Есть люди, с которыми сама идея смерти как-то катастрофически не вяжется. Борис Дубин — из их числа. Мне повезло познакомиться с ним в студенческие годы, совершенно случайно — еще, по сути дела, не зная, кто он такой. Я сидела в библиотеке иностранной литературы, пустынной в разгар зимних каникул, и читала толстую книгу одного странного англичанина XIX века — благополучно (и небезосновательно) забытого путешественника и искателя новых стилистических форм. «Я никогда не видел, чтобы живой человек читал это занудство», ‒ внезапно услышала я над своим ухом. Я совсем уже собралась оскорбиться за своего англичанина — в то время я была им сильно увлечена, — как вдруг увидела в глазах моего непрошеного собеседника нечто совершенно отличное от типовых ожиданий: не желание продемонстрировать собственную ученость и уж точно не стремление завязать разговор, но самый настоящий, живой и горячий интерес к предмету. Интерес такой глубокий, острый и при всем том доброжелательный, что не откликнуться на него было просто невозможно.

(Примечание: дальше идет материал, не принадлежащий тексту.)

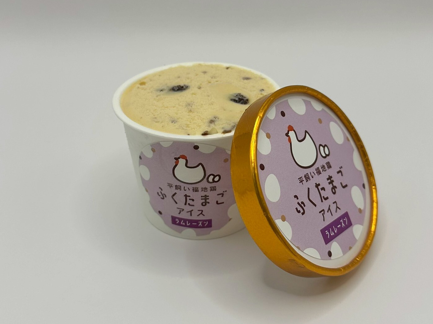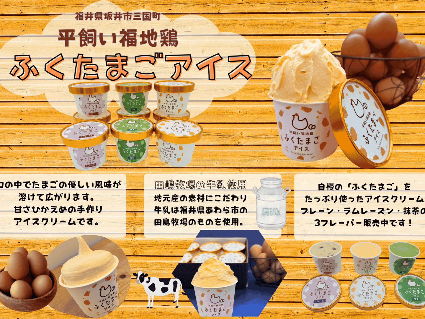 そこで採れたふくたまごと、地元あわら市の田嶋牧場の牛乳を使用した地産地消アイスです。

Наш тогдашний разговор в библиотечном буфете длился два счастливых часа и от вдохновенной веселой перепалки плавно перетек к полному интеллектуальному примирению. Он не стал началом дружбы — после мы с Борисом Дубиным довольно часто встречались, но по большей части в формальной обстановке: иногда просто раскланивались, иногда спорили во время публичных дискуссий, иногда обменивались парой фраз. Но после той давней встречи я всегда знала, какой Дубин на самом деле: в нынешнем теплохладном мире он — один из очень немногих — сохранял в душе огонь истинного высокого любопытства — научного и человеческого. Он никогда не говорил и не писал очевидного: каждая его статья, каждое выступление было проникнуто жгучей потребностью разобраться, найти правду, понять суть. Именно поэтому его тексты (для меня самыми важными, разумеется, всегда были работы Дубина о социологии чтения) обладали редким для научных статей свойством вызывать пылкие споры и пробуждать мысль.

Наследие Дубина осталось с нами — и мы, я уверена, еще долго будем его перечитывать и перерабатывать, внутренне продолжая спорить, не соглашаться, аплодировать и — главное — двигаться дальше в намеченных им направлениях. Но вот как мы будем жить без него самого, без его внутреннего огня, без его любопытства и доброжелательности, без его уникальной способности погрузиться в самую суть привычных вещей и вынырнуть оттуда с каким-то новым, неожиданным знанием — этого я не знаю. Как представить мир без человека, который был сама жизнь, — этому нам еще предстоит научиться, и едва ли это будет легко.